§ Brief:
Return the entries below verbatim. Pictures stay out.

§ Provided data:
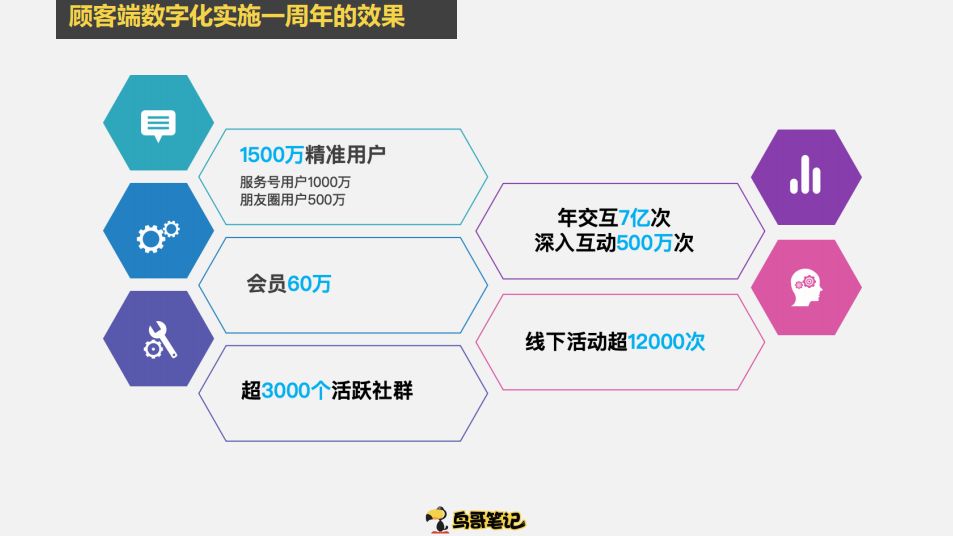 这是西贝整体的架构,从上有统一的组织机构管控、会员服务、社区运营部、数字技术部、下面有各种各样的部门各司其职。这是它最终的数据,效果非常好,在2016-2017年裂变非常容易做的情况下,长势喜人,可以深入互动500多万次。
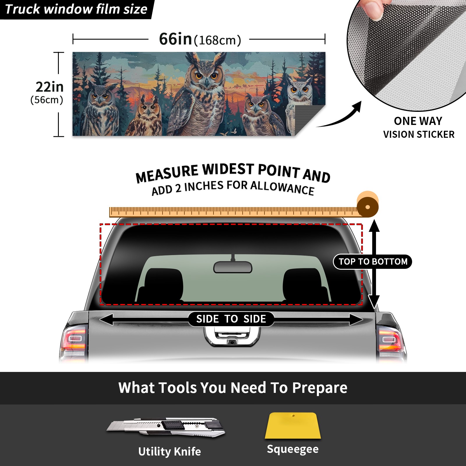 Truck Rear Window Graphics Decals Pickup Trucks Back Window Sticker Full Window Film Decal One Way Visual Waterproof Car Rear Tint Owl
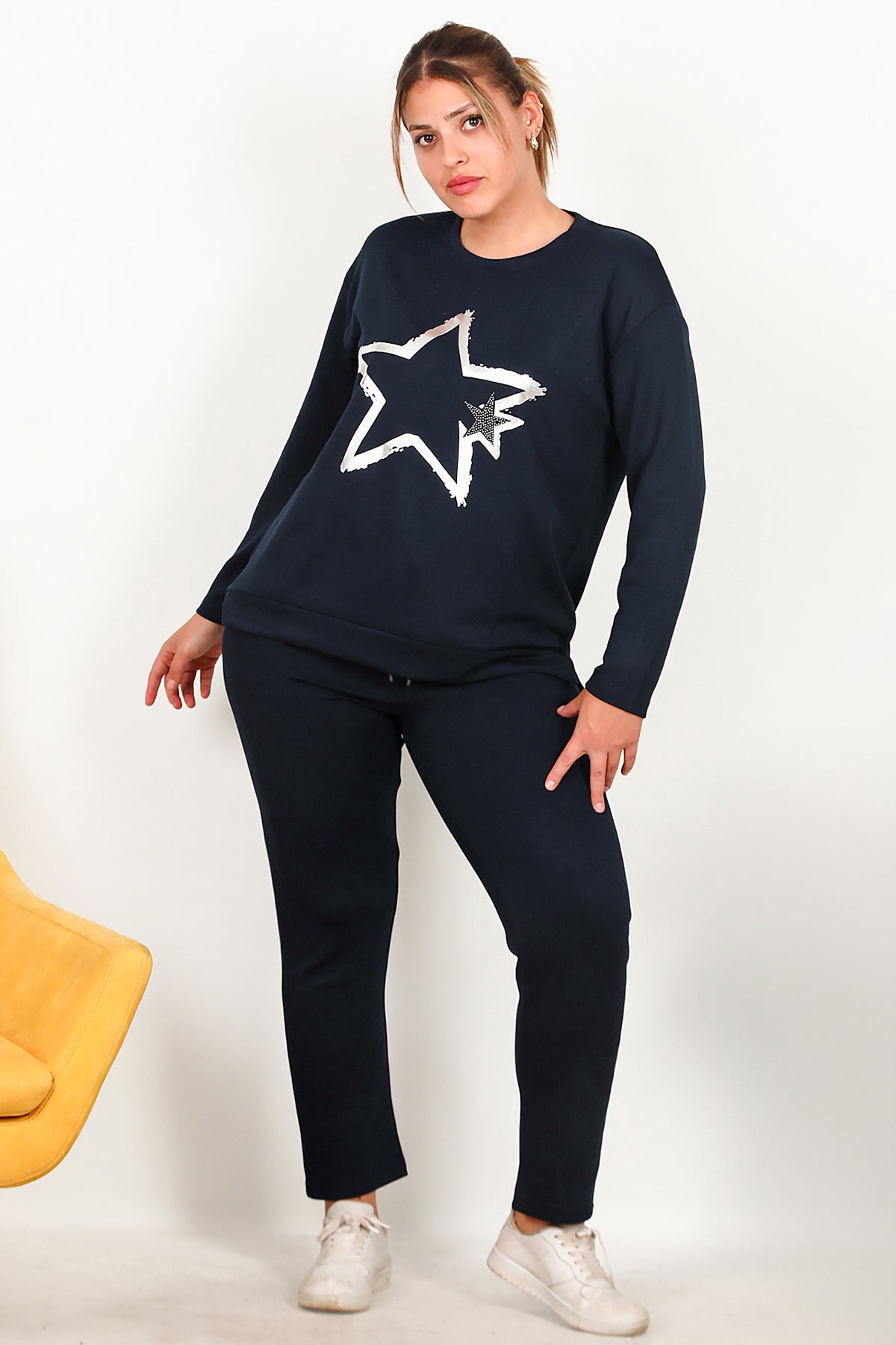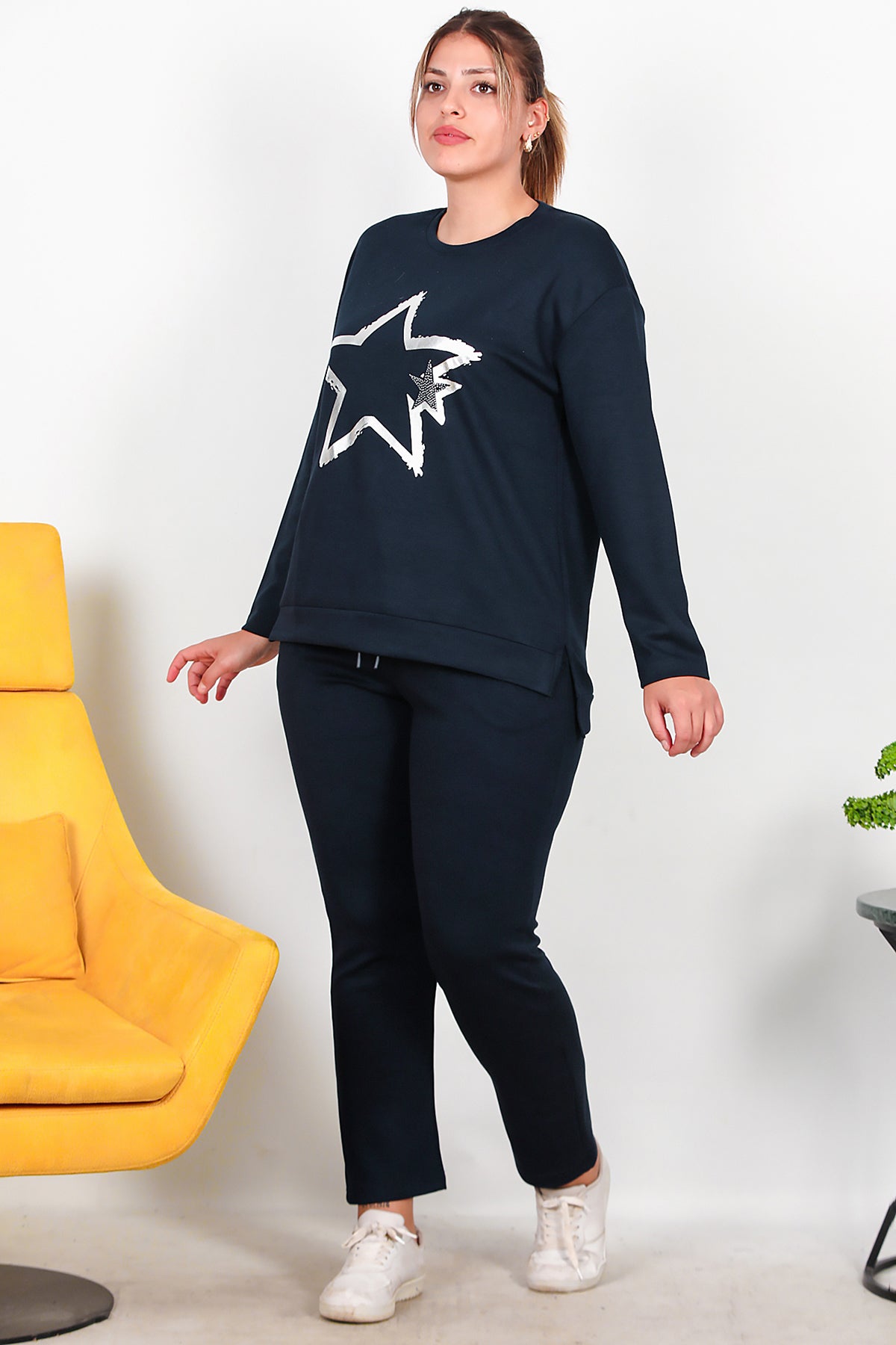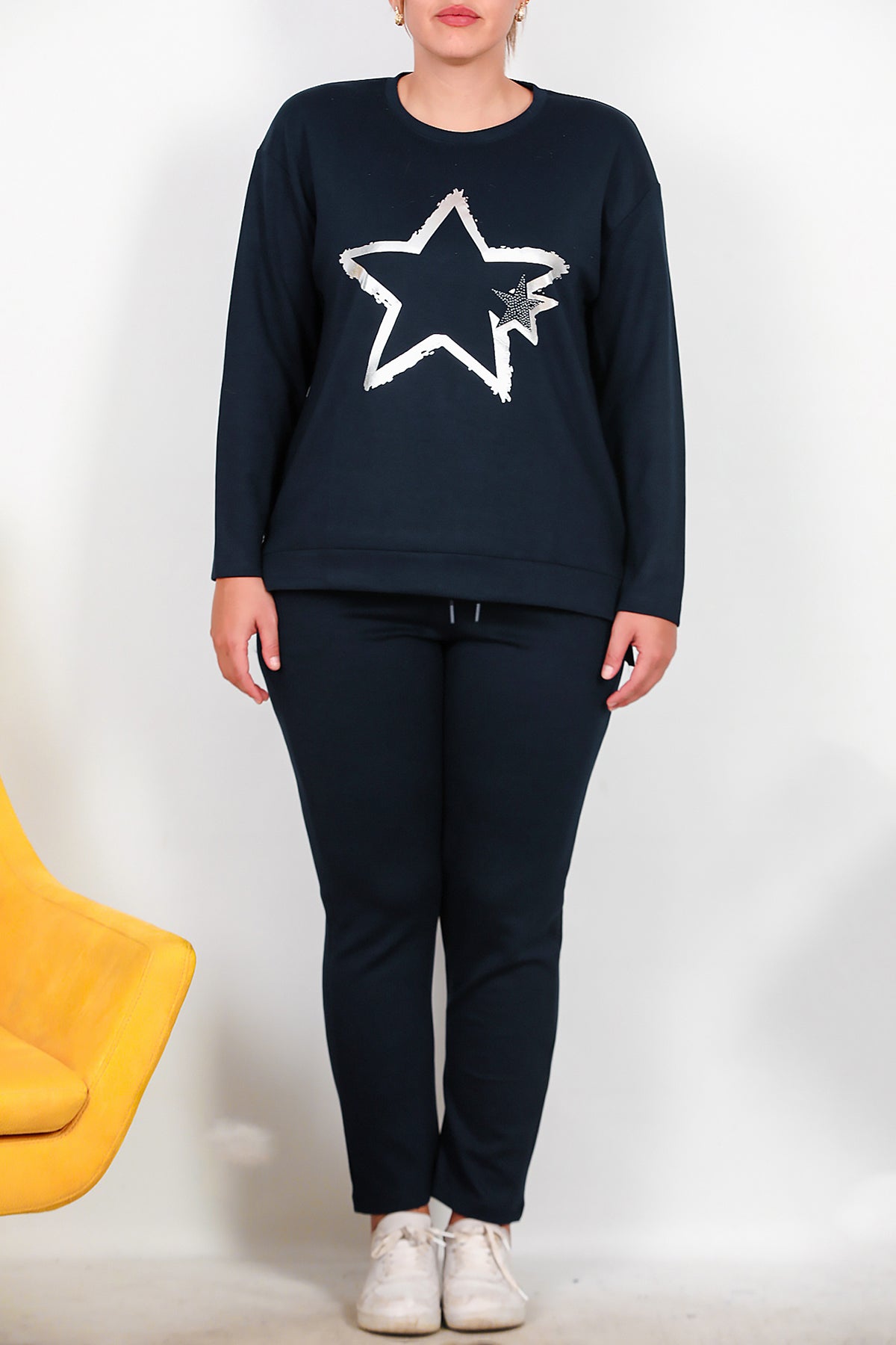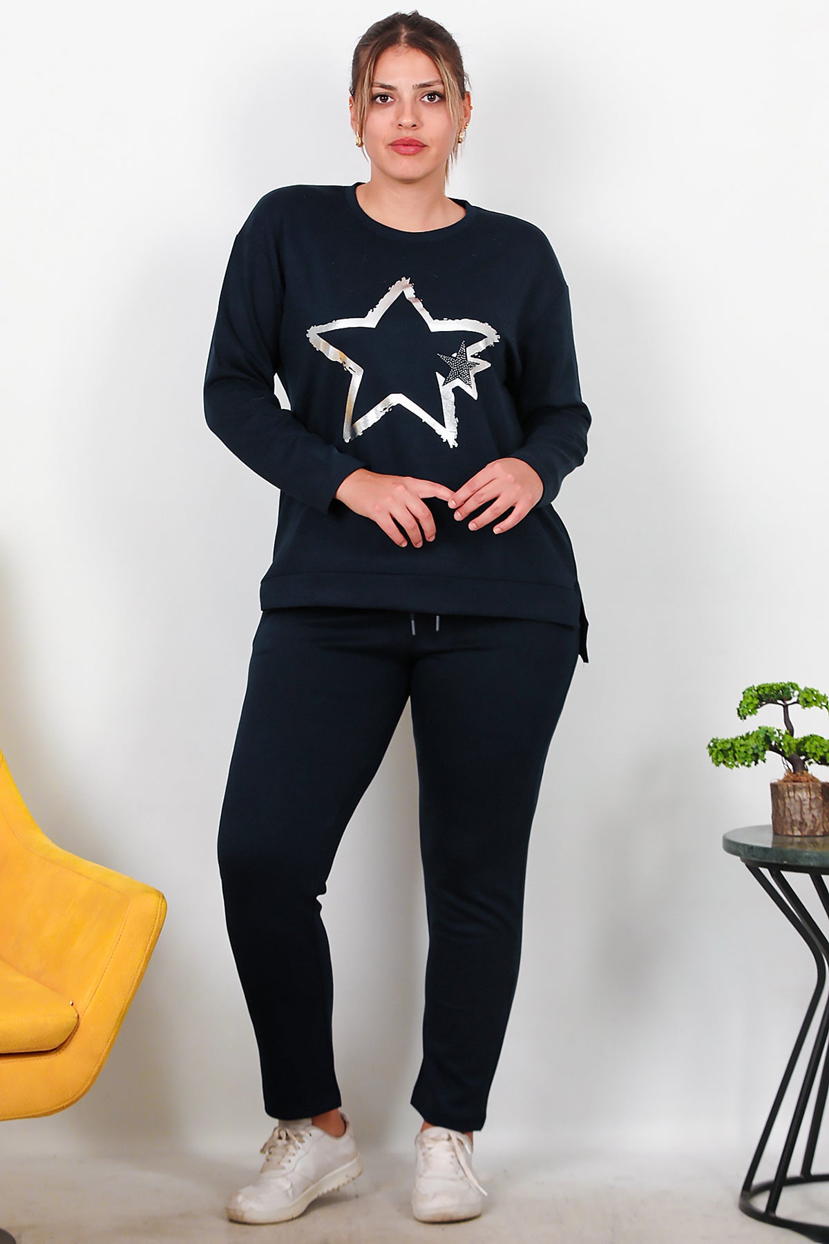 Büyük Beden Yıldız Varaklı Takım Lacivert
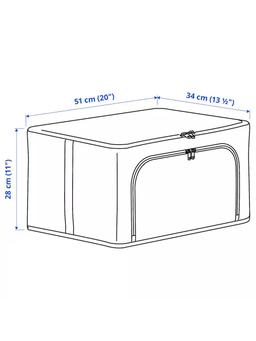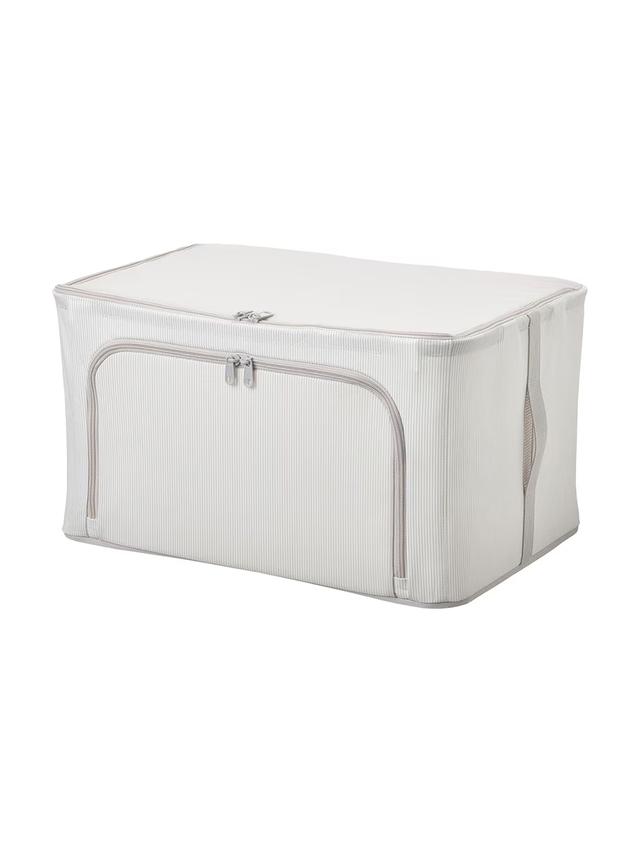 Mata materialdan tikilen, zolakly dizaýnly ak we çal reňkli saklaýyş gaby. Ölçegi 34x51x28 sm bolup, egin-eşik, oýunjak ýa-da beýleki öý goşlaryny tertipli ýerleşdirmäge amatlydyr. Ýumşak gurluşy bilen ýeňil göterilýär we boş wagty bukulyp saklanyp bilýär.
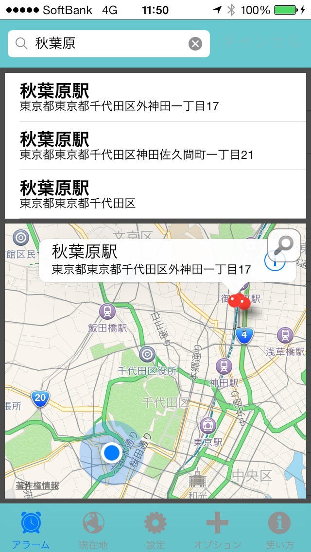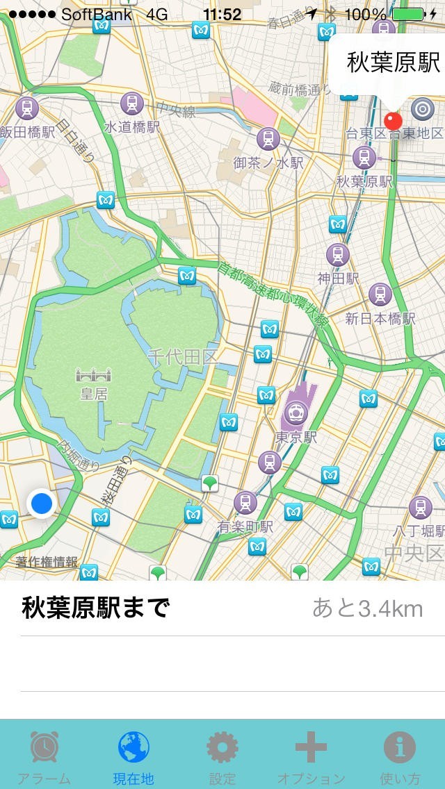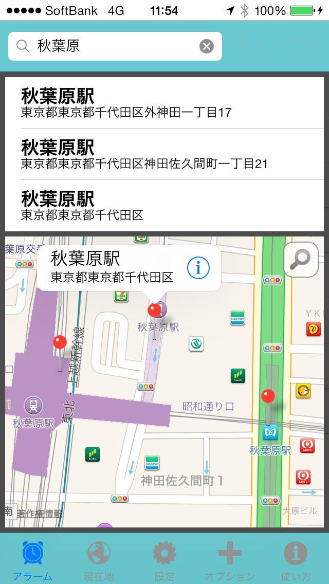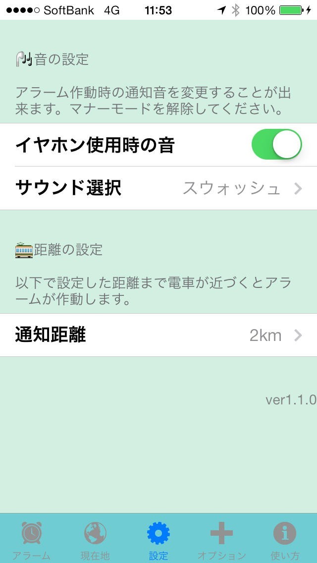 ・駅まであと何kmの所で知らせてくれるか、選ぶことが出来ます。
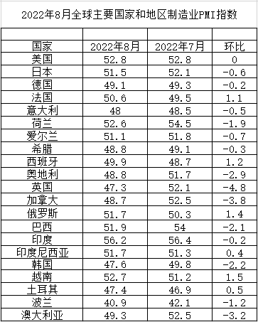 2022年8月全球主要國家制造業PMI

§ Written answer:
 这是西贝整体的架构,从上有统一的组织机构管控、会员服务、社区运营部、数字技术部、下面有各种各样的部门各司其职。这是它最终的数据,效果非常好,在2016-2017年裂变非常容易做的情况下,长势喜人,可以深入互动500多万次。
 Truck Rear Window Graphics Decals Pickup Trucks Back Window Sticker Full Window Film Decal One Way Visual Waterproof Car Rear Tint Owl
 Büyük Beden Yıldız Varaklı Takım Lacivert
 Mata materialdan tikilen, zolakly dizaýnly ak we çal reňkli saklaýyş gaby. Ölçegi 34x51x28 sm bolup, egin-eşik, oýunjak ýa-da beýleki öý goşlaryny tertipli ýerleşdirmäge amatlydyr. Ýumşak gurluşy bilen ýeňil göterilýär we boş wagty bukulyp saklanyp bilýär.
 ・駅まであと何kmの所で知らせてくれるか、選ぶことが出来ます。
 2022年8月全球主要國家制造業PMI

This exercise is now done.